Mexico announces permanent ban of gill-nets in vaquita habitat

Fisherman with a gillnet. Photo by Chris Johnson.
Fisherman with a gillnet. Photo by Chris Johnson.

In an effort to save the vaquita, the Ministry of Agriculture, Livestock, Rural Development, Fisheries and Food (SAGARPA) and the Ministry of the Environment and Natural Resources (SEMARNAT) announced a permanent ban on gill-net fishing in the Upper Gulf of California (Sea of Cortez) – the only place the critically endangered vaquita calls home.

The vaquita, the world’s smallest cetacean, was first recognized as “vulnerable” by the International Union for Conservation of Nature (IUCN) in 1978 and finally declared “critically endangered” in 1996. The species has been in a steady decline since then and its numbers have fallen from about 600 animals in 1997 to under 30 animals in 2016. It is now considered the most endangered marine mammal on Earth and faces imminent extinction.

The only threat to the vaquita’s survival are gill-nets, very effective fishing nets that are designed to capture large amounts of fish but are also dangerous to marine mammals that once entangled drown quickly. Gill-net fishing had been prohibited under a temporary ban since 2015, but illegal fishing for the totoaba, a large species of fish, had continued.

With its latest measures, the Mexican Government has given in to international pressure. Conservation organizations and scientists have long been calling for a permanent stop to all gill-net fishing in the Upper Gulf of California, and a temporary ban first announced in April 2015 was set to expire this year.

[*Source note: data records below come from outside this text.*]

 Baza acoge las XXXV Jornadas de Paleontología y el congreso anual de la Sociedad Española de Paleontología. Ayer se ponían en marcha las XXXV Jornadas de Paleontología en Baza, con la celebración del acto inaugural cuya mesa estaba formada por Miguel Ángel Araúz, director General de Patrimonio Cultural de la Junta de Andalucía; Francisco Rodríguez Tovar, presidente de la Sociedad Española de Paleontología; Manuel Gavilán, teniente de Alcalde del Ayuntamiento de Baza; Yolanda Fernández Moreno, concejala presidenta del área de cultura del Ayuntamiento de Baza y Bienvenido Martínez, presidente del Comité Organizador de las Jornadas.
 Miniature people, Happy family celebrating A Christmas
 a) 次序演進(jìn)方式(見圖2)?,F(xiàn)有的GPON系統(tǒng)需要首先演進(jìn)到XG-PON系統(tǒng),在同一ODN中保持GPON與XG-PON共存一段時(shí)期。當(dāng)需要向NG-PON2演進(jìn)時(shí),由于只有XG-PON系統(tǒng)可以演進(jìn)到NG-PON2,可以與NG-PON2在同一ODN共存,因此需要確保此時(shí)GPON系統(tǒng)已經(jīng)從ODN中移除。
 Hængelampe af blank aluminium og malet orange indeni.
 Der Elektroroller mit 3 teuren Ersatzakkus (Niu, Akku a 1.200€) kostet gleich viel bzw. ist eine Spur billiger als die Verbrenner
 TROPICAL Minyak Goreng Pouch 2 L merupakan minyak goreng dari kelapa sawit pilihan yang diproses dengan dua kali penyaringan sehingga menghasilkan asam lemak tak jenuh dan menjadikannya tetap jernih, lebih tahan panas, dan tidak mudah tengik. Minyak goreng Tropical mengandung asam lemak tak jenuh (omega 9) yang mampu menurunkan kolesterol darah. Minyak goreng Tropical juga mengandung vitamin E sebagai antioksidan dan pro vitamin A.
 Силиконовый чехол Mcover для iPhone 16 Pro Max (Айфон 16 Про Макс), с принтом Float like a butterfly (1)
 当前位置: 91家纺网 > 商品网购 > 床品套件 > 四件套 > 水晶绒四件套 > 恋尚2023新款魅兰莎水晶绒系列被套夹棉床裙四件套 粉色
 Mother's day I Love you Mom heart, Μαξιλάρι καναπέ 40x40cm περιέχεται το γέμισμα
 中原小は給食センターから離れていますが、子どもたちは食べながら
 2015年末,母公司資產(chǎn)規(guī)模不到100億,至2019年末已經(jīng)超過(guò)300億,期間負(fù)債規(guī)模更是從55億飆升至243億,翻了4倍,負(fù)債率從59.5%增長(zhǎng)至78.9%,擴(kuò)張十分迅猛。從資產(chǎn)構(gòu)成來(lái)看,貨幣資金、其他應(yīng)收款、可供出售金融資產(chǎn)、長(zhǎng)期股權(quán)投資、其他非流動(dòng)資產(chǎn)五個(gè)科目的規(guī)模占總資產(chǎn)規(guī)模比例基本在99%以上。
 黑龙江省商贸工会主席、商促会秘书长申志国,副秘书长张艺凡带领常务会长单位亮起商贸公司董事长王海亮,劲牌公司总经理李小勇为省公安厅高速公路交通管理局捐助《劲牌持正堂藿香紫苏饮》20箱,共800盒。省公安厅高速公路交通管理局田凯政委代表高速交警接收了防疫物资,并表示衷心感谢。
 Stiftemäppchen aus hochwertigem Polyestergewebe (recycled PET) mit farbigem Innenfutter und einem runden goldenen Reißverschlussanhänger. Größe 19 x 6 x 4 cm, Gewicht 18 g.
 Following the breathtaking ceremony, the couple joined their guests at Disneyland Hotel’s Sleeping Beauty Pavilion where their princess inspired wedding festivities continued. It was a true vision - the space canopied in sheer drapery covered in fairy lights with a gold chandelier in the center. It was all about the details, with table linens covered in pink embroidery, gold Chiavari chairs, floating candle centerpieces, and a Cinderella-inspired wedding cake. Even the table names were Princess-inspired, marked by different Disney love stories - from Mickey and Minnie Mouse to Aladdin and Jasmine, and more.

In addition to making the ban on gill-nets permanent, the Mexican government is also stepping up its enforcement efforts. The government announced the prohibition of night fishing activities with smaller vessels, including sport fishing. Prohibited fishing gear can now be confiscated if found to be transported by boat, air or on land, closing a loophole that previously made enforcement difficult. And measures also include the regulation of fixed landing sites and the use of monitoring systems to ensure compliance with the law.

Difficult to spot and even harder to catch: a single vaquita in the Sea of Cortez. Photo by Paula Olson/NOAA.

While the vaquita’s habitat in the Gulf of California is comparatively small, enforcement of the gill-net ban has proven difficult in the past. Every single net poses a threat, whether it is active or derelict or abandoned fishing gear. Despite enormous efforts to remove nets from the area, it is very likely that nets remain, and they will continue to pose a threat to the vaquita.

That is why scientists are set to embark on a risky mission later this fall to try and capture the last remaining vaquita. The goal is to move the animals to a temporary habitat free from gill-nets until their home is deemed safe for their return. The US Navy is contributing to this effort by training captive dolphins to help locate live vaquita, which could prove vital as the vaquita’s low numbers make it very difficult to even find them. This last-ditch effort to save the species is scheduled to begin in September.